» Task goal:
Type out every line below exactly as it reads.
[Data shown Boundary: Start]
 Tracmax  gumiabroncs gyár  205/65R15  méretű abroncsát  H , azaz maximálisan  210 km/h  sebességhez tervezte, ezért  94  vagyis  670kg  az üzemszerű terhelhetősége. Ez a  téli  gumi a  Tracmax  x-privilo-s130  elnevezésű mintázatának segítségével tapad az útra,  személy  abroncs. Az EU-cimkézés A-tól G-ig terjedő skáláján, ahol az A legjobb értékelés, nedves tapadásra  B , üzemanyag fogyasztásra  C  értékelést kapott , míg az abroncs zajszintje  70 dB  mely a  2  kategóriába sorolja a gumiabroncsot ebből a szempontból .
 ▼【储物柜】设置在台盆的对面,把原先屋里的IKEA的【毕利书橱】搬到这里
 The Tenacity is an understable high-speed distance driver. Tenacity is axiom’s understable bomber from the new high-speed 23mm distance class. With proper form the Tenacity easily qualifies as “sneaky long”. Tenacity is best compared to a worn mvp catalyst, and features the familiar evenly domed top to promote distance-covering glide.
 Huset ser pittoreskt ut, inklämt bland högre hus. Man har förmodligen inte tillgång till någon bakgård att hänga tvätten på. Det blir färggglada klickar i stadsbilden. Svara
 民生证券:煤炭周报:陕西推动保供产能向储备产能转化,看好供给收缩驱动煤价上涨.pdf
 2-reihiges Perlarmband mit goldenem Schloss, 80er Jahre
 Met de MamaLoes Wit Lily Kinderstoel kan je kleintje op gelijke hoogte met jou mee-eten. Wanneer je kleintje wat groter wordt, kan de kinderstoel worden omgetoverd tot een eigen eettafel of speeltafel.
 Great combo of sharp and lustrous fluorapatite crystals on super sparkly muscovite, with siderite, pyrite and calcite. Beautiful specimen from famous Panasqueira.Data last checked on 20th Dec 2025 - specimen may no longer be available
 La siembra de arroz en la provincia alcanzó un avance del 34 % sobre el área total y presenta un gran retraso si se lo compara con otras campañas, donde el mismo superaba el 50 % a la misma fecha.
[Data shown Boundary: End]
» Response to the exercise:
 Tracmax  gumiabroncs gyár  205/65R15  méretű abroncsát  H , azaz maximálisan  210 km/h  sebességhez tervezte, ezért  94  vagyis  670kg  az üzemszerű terhelhetősége. Ez a  téli  gumi a  Tracmax  x-privilo-s130  elnevezésű mintázatának segítségével tapad az útra,  személy  abroncs. Az EU-cimkézés A-tól G-ig terjedő skáláján, ahol az A legjobb értékelés, nedves tapadásra  B , üzemanyag fogyasztásra  C  értékelést kapott , míg az abroncs zajszintje  70 dB  mely a  2  kategóriába sorolja a gumiabroncsot ebből a szempontból .
 ▼【储物柜】设置在台盆的对面,把原先屋里的IKEA的【毕利书橱】搬到这里
 The Tenacity is an understable high-speed distance driver. Tenacity is axiom’s understable bomber from the new high-speed 23mm distance class. With proper form the Tenacity easily qualifies as “sneaky long”. Tenacity is best compared to a worn mvp catalyst, and features the familiar evenly domed top to promote distance-covering glide.
 Huset ser pittoreskt ut, inklämt bland högre hus. Man har förmodligen inte tillgång till någon bakgård att hänga tvätten på. Det blir färggglada klickar i stadsbilden. Svara
 民生证券:煤炭周报:陕西推动保供产能向储备产能转化,看好供给收缩驱动煤价上涨.pdf
 2-reihiges Perlarmband mit goldenem Schloss, 80er Jahre
 Met de MamaLoes Wit Lily Kinderstoel kan je kleintje op gelijke hoogte met jou mee-eten. Wanneer je kleintje wat groter wordt, kan de kinderstoel worden omgetoverd tot een eigen eettafel of speeltafel.
 Great combo of sharp and lustrous fluorapatite crystals on super sparkly muscovite, with siderite, pyrite and calcite. Beautiful specimen from famous Panasqueira.Data last checked on 20th Dec 2025 - specimen may no longer be available
 La siembra de arroz en la provincia alcanzó un avance del 34 % sobre el área total y presenta un gran retraso si se lo compara con otras campañas, donde el mismo superaba el 50 % a la misma fecha.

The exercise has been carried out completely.